Notas de viaje es un libro publicado en 1895, pero las experiencias narradas datan de 1892, año en que Ricardo Palma viajó a España. Por supuesto, para ir y venir de la península ibérica, había que pasar por la isla de Cuba. La estadía en Cuba, según cuenta el autor de Tradiciones Peruanas, fue breve pero intensa. Nótese que Palma visita Cuba al regresar de España, fortalece los lazos que lo unen con escritoras y escritores cubanos, y hace una valoración del clima político en el cual está inmerso el estamento intelectual habanero. El compromiso del insigne escritor peruano con la causa de Cuba, se hace evidente en estos párrafos memorables.



EN LA HABANA

I

Después de cuatro horas de permanencia en San Juan de Puerto Rico, ciudad de aspecto triste y en que sólo la Catedral me pareció notable edificio, regresé al Santander, que, a pocos minutos de pisar su cubierta, zarpó con rumbo a la Habana.
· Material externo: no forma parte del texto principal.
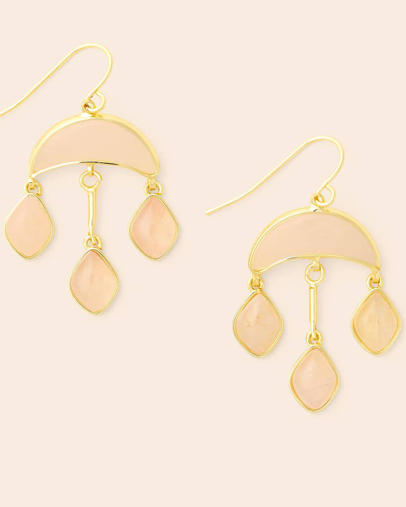 Bring a touch of love and light to your everyday look with our crescent-shaped Rose Quartz drop earrings. This minimal, modern pair features a 1" drop and soft curves for effortless styling. Rose Quartz is known as the Stone of the Heart, offering compassion, healing, and emotional balance.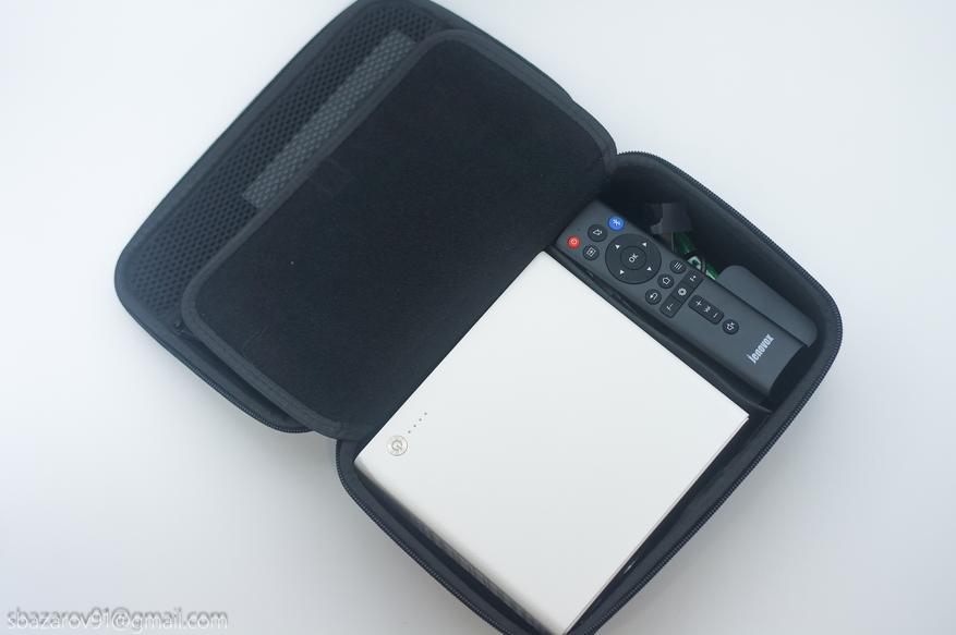 С Jenovox M5000 mini началось мое знакомство с базовым DLP-проектором, который в итоге стал отличным компаньоном во всех наших путешествиях. Мы брали его в горы, где в качестве экрана выступал купол шатра и простынь с кровати, брали в отпуск и смотрели фильмы на бежевой стене соседского дома. В основном Jenovox M5000 mini выручает за счет своих габаритов: в комплекте небольшая сумочка, вмещающая как сам проектор, так и новый блок питания, а также внешний накопитель с фильмами.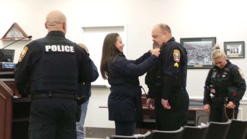 Chief Magalis with, from left, Officers Meadows and Maverick, Mark Hajduk, and Rachel Martin. Civilian communications officer Karen McDonald, back row just past the chief’s right shoulder in reddish top, has already taken a seat following her introduction to council. Below, David Fogle receives his sergeant’s pin from wife Kim.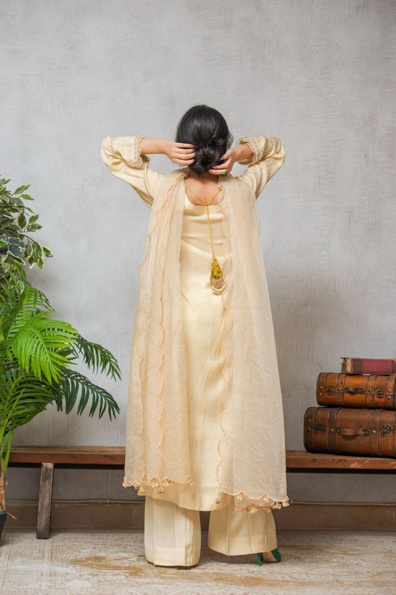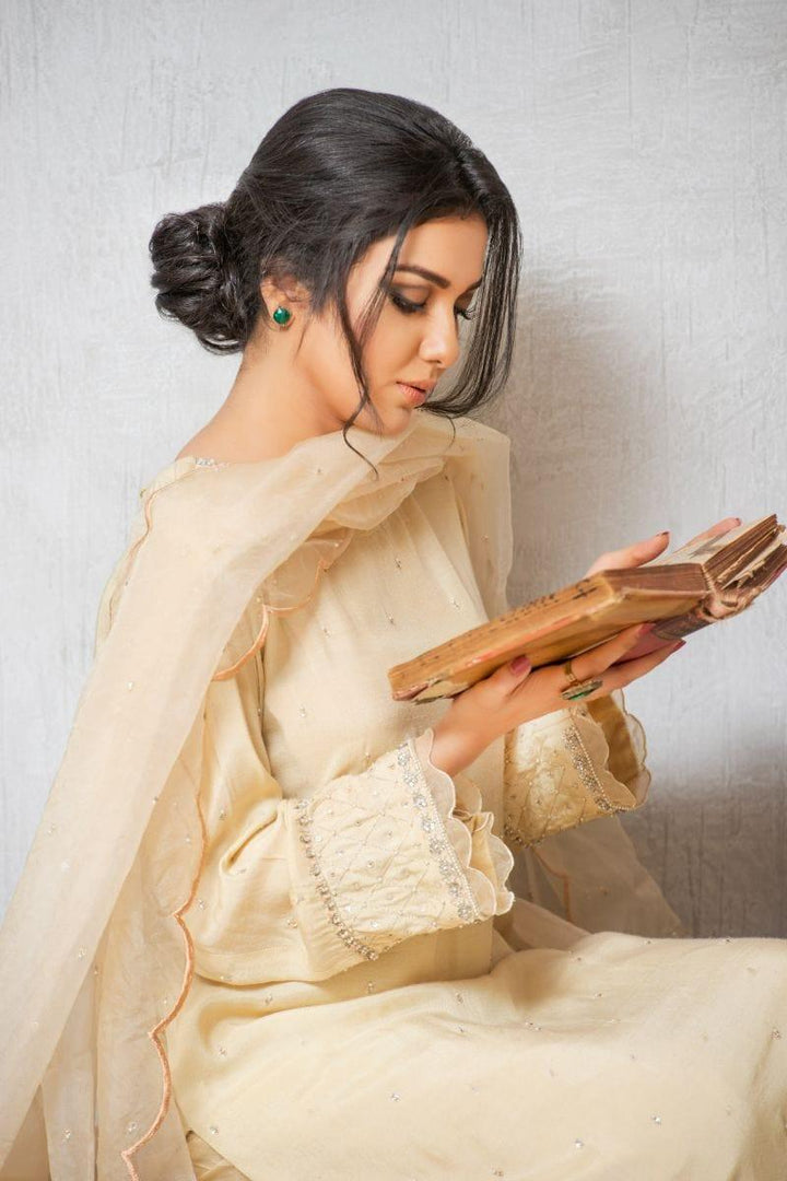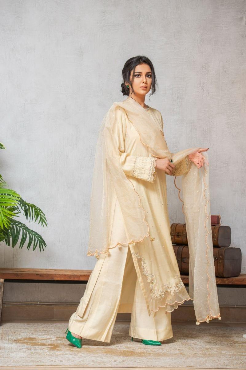 Shirt Material: Silk Detail: Ada work Pearls/Moti, Sequence Dabkaon Arms, Sleeves and daaman. Pearls chatta all over shirt.

Fué en una serena tarde de mayo, cuando después de pasar frente a los bien artillados castillos del Morro y la Cabaña, ancló el vapor en la espaciosa y no muy abrigada bahía.

La Habana, fundada en 1519, esto es, dieciséis años antes que Lima, ocupa una área doble a la de ésta, y casi la duplica, en población. La parte nueva es formada por calles anchas y rectas; pero la antigua, en la que se encuentran las calles del Obispo, de O'Reilly y otras de animación comercial, es de callejuelas moriscas y mal delineadas.

En la plaza de Armas, que es pequeña e irregular, se encuentra el Palacio que, aunque costó un millón de duros y veinte años de fábrica, vale poco como edificio; y frente a él está situado el Templete, capillita de cinco metros cuadrados, levantada en el lugar en que, según la tradición, se celebró por los conquistadores la primera misa. Es algo así como nuestra capillita del Puente, si bien la de la Habana está mejor cuidada, y luce tres lienzos de algún mérito artístico.

El palacio se ha construido en el sitio que ocupó la primitiva Catedral. En 1741, un rayo produjo el incendio del navío Invencible, y la explosión del polvorín motivó el derrumbamiento del techo y de uno de los muros, a la vez que la destrucción de varios altares.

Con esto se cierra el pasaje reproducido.